As an inflammatory PCD, PANoptosis is generally associated with a cytokine storm and plays negative roles in inflammatory or infectious diseases10. In the context of cancer, it is believed that PANopotosis could be beneficial. For example, the combination of TNF-α and IFN-γ can induce inflammatory cell death, i.e., PANoptosis, in different human cancer cell lines and suppress the growth of tumors in vivo11, suggesting that PANoptosis might be an attractive therapeutic target. Evidence indicated that pyroptosis, necroptosis, and ferroptosis are tightly associated with antitumor immunity12. However, the association between PANoptosis as a whole and anticancer immunity remains unclear. In addition, the function and regulation pattern of PANoptosis components have not been comprehensively elucidated so far.

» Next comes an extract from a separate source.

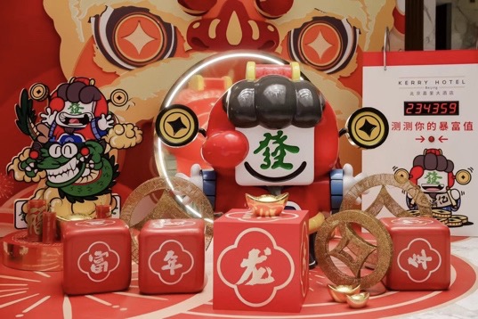 新春期间,北京嘉里大酒店携手潮流IP艺术家钱江盖饭老师「一手好牌」系列作品,联袂呈现“好运到嘉·龙年必发”主题新年美陈展装饰、一手好牌下午茶及龙年限定咖啡等产品。预订春节期间客房及年夜饭,将获赠「一手好牌」联名伴手礼。精彩纷呈的现场互动活动:“龙年有话说”心愿抽奖活动、“暴富指测试”社交媒体打卡活动等,尽显龙腾春意欢,风生水起,步步高升;沉浸式打卡龙年氛围感,与家人共享一顿阖家称心的龙腾福瑞之旅。

In this study, we performed a systematic bioinformatics analysis of the PANoptosome complex to investigate its roles and underlying mechanisms in pan-cancer. We evaluated the expression, genomics, epigenomics, and the prognostic value of PANoptosome across 33 cancer types. Moreover, we calculated the PANoptosis score and further assessed its association with the tumor immune landscape, including the tumor microenvironment (TME), immune cell infiltration, and immunotherapy responses. Our results reveal the potential role of the PANoptosome in various cancers, which may facilitate the discovery of novel prognostic and immunotherapeutic biomarkers.
Materials and methods
Data collection and processing
RNA sequencing data and clinical information on 33 tumors and normal tissues (Supplementary Table S1) were retrieved from The Cancer Genome Atlas (TCGA) and the Genotype-Tissue Expression (GTEx) using USCS Xena (https://xenabrowser.net). The "RMA" package13 was used to remove not available and duplicates in the expression data; the data were then log2 (transcripts per kilobase million (TPM) + 1) converted for further analysis. Ten genes including NLRP3, CASP1, CASP8, TNFAIP3, RIPK1, RIPK3, NR2C2, RBCK1, PSTPIP2, and PYCARD (Supplementary Table S2) were identified as components of the PANoptosome, according to a previous study10.
The data of immune cell infiltration were downloaded from the Tumor Immune Estimation Resource (TIMER) (http://timer.cistrome.org) and Immune Cell Abundance Identifier (ImmuCellAI) databases (http://bioinfo.life.hust.edu.cn/ImmuCellAI).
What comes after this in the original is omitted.